Again, Christ confirmed the obligation to pay taxes.
Now, tithing is mentioned in the New Testament in three places. In Matthew 23:23 Christ states “Woe to you, teachers of the law…you give a tithe…but you have neglected the more important matters of the law…” And again in Luke 18:12 when Jesus told a parable of two men, “one a Pharisee and the other a tax collector.” The Pharisee boasted “I fast twice a week and give a tithe of all I get.” Finally, Hebrews 7 restates Abrams gift to Melchizedek of a tenth of his war spoils.
None of these were instructions to go and do likewise. Also, they were consistent with required giving, AKA taxes, in Israel and in the case of Abram, his spontaneous give of ten percent.
Finally, 2 Corinthians 9:6-7 give us the general guidelines for giving in the Church Age “…Whoever sows sparingly will also reap sparingly, and whoever sows generously will also reap generously. Each of you should give what you have decided in your heart to give, not reluctantly or under compulsion, for God loves a cheerful giver.

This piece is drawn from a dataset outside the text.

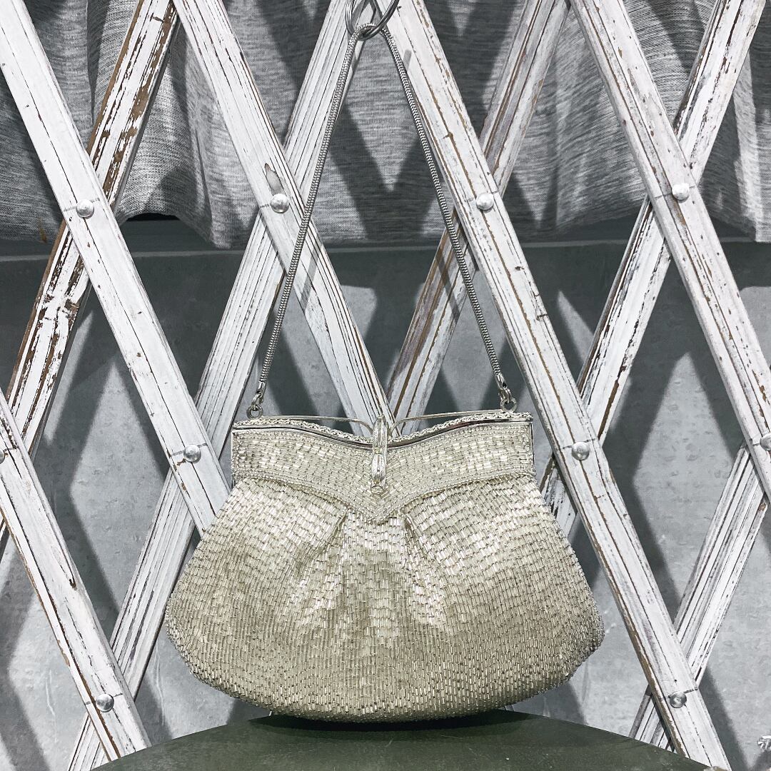シャンパンゴールド総ビーズパーティーバッグ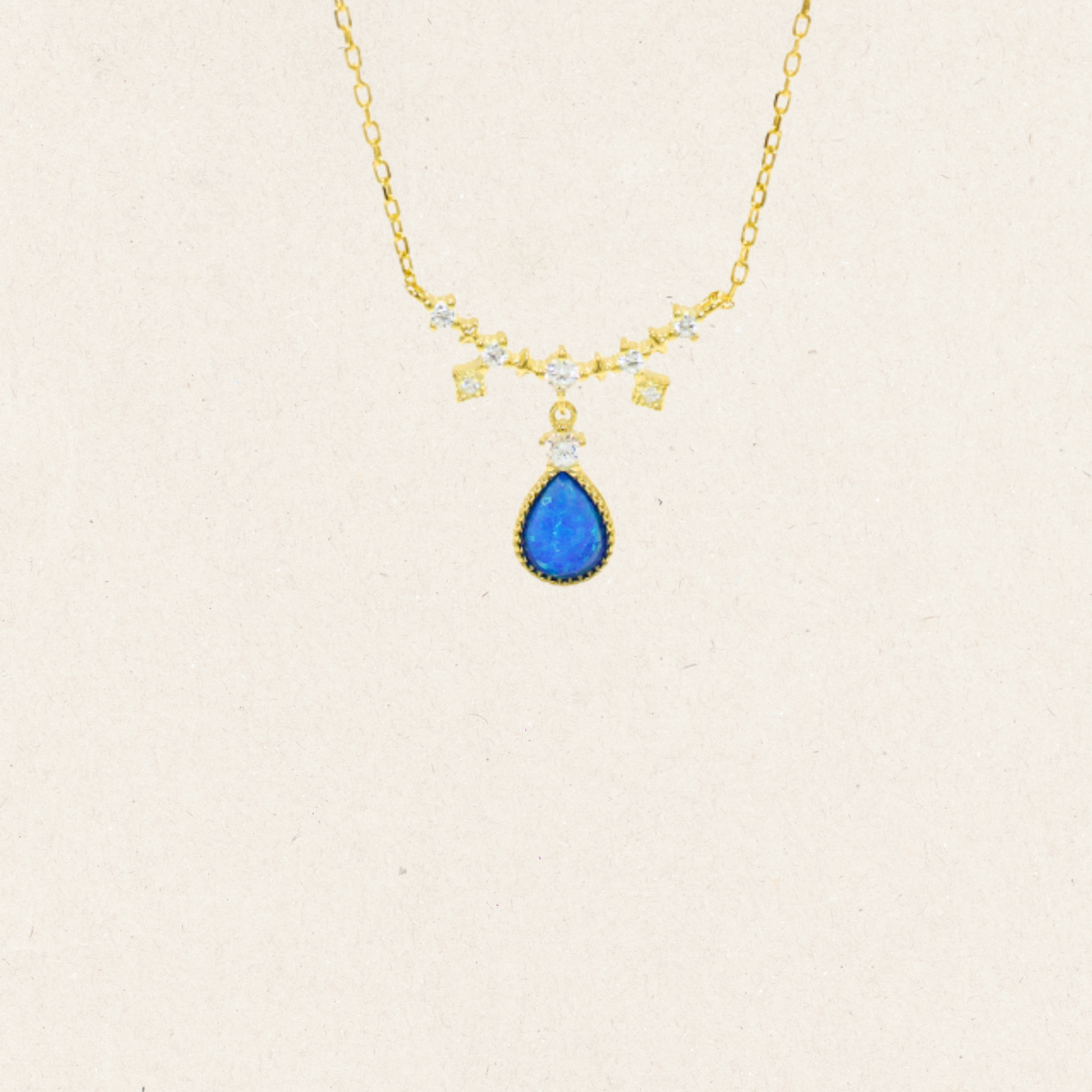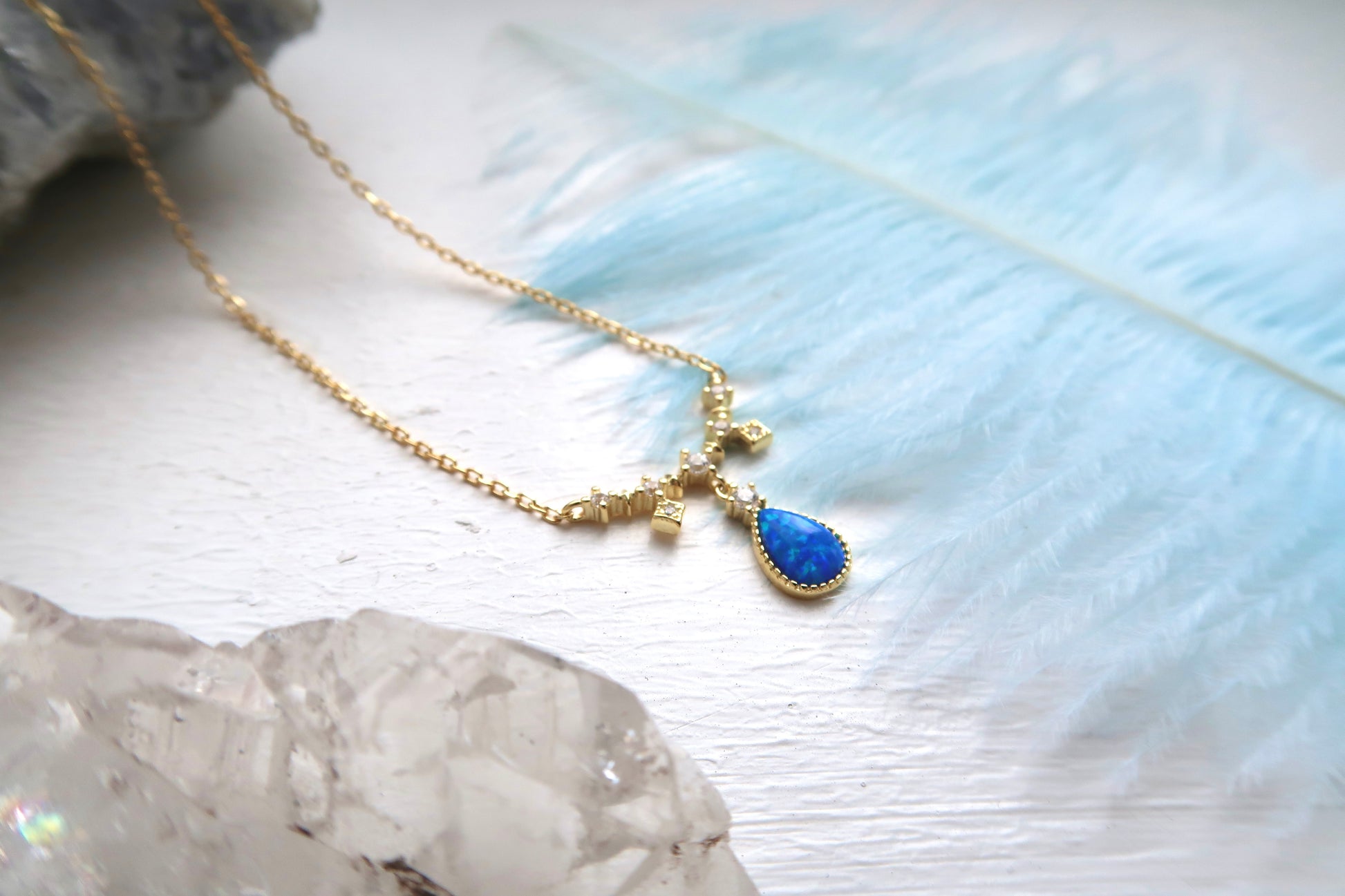 This celestial-inspired necklace features a teardrop-shaped blue opal pendant suspended beneath a cascade of sparkling white stones and golden accents.

Giving in the Church age? It should be generous, and without reluctance or compulsion.
There are two types of giving in the Bible: free will and required.
In all three dispensations, giving is the same. God encourages our spontaneous, non reluctant, thankful and generous free will gifts to the church and to others, especially believers.
The Bible also requires that we give to the Government, also known as taxes.
That’s true in all three dispensations.
Simply stated, tithing, as a requirement to give to the church, is never taught.